-- Raw data follows --

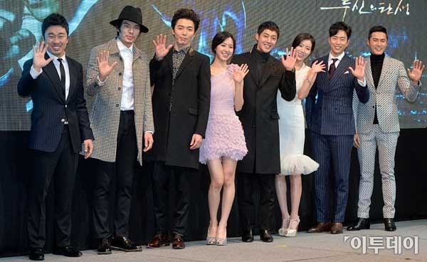 배우 조달환, 김성오, 김재욱, 진세연, 김현중, 임수향, 윤현민, 조동혁(왼쪽부터)이 9일 오후 서울 강남구 논현동 임페리얼 팰리스에서 열린 KBS 2TV드라마 '감격시대:투신의 탄생' 제작발표회에 참석해 포토타임을 갖고 있다. '감격시대:투신의 탄생'은 한·중·일 3국의 낭만주먹들이 펼쳐내는 사랑과 의리, 우정과 판타지를 보여줄 감성로맨틱 느와르로 오는 15일 밤 10시에 첫 방송된다. 최유진 기자 strongman55@
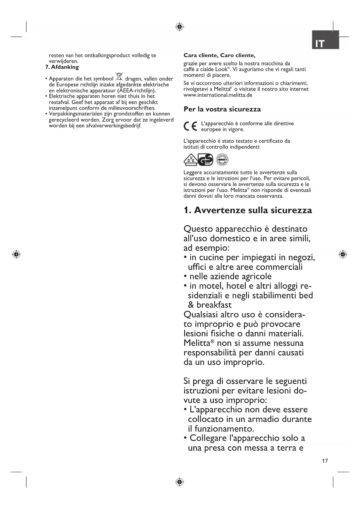 L'apparecchio è conforme alle direttive europee in vigore. L'apparecchio è stato testato e certificato da istituti di controllo indipendenti: Leggere accuratamente tutte le avvertenze sulla sicurezza e le istruzioni per l'uso. Per evitare pericoli, si devono osservare le avvertenze sulla sicurezza e le istruzioni per l'uso. Melitta
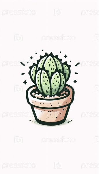 Крошечный дом растение в горшке чернил рисование художественная печать, Ai A generated image
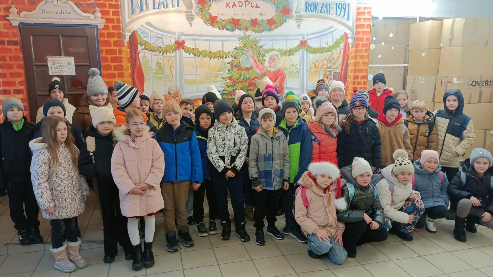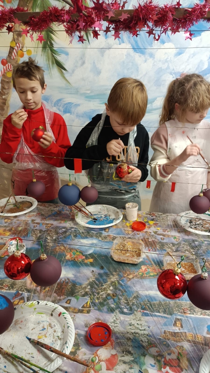 Pani przewodnik oprowadziła dzieci po Fabryce i zapoznała z kolejnymi etapami produkcji świątecznych ozdób. Pierwszym etapem zwiedzania była dmuchalnia szkła, gdzie w wysokiej temperaturze z kawałka szklanej rurki pracownicy fabryki tworzyli szklane kule, które potem trafiły do gorącej wody i były poddawane srebrzeniu. Potem bombki trafiają do lakierni, gdzie są zanurzane w lakierze o odpowiednim kolorze. Ostatnim etapem produkcji było dekorowanie. Dzieci oglądały produkowane ręcznie bombki o różnych kształtach wzorach i kolorach. Dużą atrakcją były warsztaty plastyczne, podczas których dzieci samodzielnie dekorowały ozdoby według własnego pomysłu. Na pamiątkę wycieczki otrzymały bombkę z imieniem oraz własnoręcznie wykonane szklane ozdoby. Na terenie fabryki znajdował się również sklep firmowy, gdzie można było zakupić wiele różnorodnych, ręcznie malowanych ozdób.

-- Raw data concluded --

Line by line, output the material above exactly, passing over the pictures.

Response to the task »
 배우 조달환, 김성오, 김재욱, 진세연, 김현중, 임수향, 윤현민, 조동혁(왼쪽부터)이 9일 오후 서울 강남구 논현동 임페리얼 팰리스에서 열린 KBS 2TV드라마 '감격시대:투신의 탄생' 제작발표회에 참석해 포토타임을 갖고 있다. '감격시대:투신의 탄생'은 한·중·일 3국의 낭만주먹들이 펼쳐내는 사랑과 의리, 우정과 판타지를 보여줄 감성로맨틱 느와르로 오는 15일 밤 10시에 첫 방송된다. 최유진 기자 strongman55@
 L'apparecchio è conforme alle direttive europee in vigore. L'apparecchio è stato testato e certificato da istituti di controllo indipendenti: Leggere accuratamente tutte le avvertenze sulla sicurezza e le istruzioni per l'uso. Per evitare pericoli, si devono osservare le avvertenze sulla sicurezza e le istruzioni per l'uso. Melitta
 Крошечный дом растение в горшке чернил рисование художественная печать, Ai A generated image
 Pani przewodnik oprowadziła dzieci po Fabryce i zapoznała z kolejnymi etapami produkcji świątecznych ozdób. Pierwszym etapem zwiedzania była dmuchalnia szkła, gdzie w wysokiej temperaturze z kawałka szklanej rurki pracownicy fabryki tworzyli szklane kule, które potem trafiły do gorącej wody i były poddawane srebrzeniu. Potem bombki trafiają do lakierni, gdzie są zanurzane w lakierze o odpowiednim kolorze. Ostatnim etapem produkcji było dekorowanie. Dzieci oglądały produkowane ręcznie bombki o różnych kształtach wzorach i kolorach. Dużą atrakcją były warsztaty plastyczne, podczas których dzieci samodzielnie dekorowały ozdoby według własnego pomysłu. Na pamiątkę wycieczki otrzymały bombkę z imieniem oraz własnoręcznie wykonane szklane ozdoby. Na terenie fabryki znajdował się również sklep firmowy, gdzie można było zakupić wiele różnorodnych, ręcznie malowanych ozdób.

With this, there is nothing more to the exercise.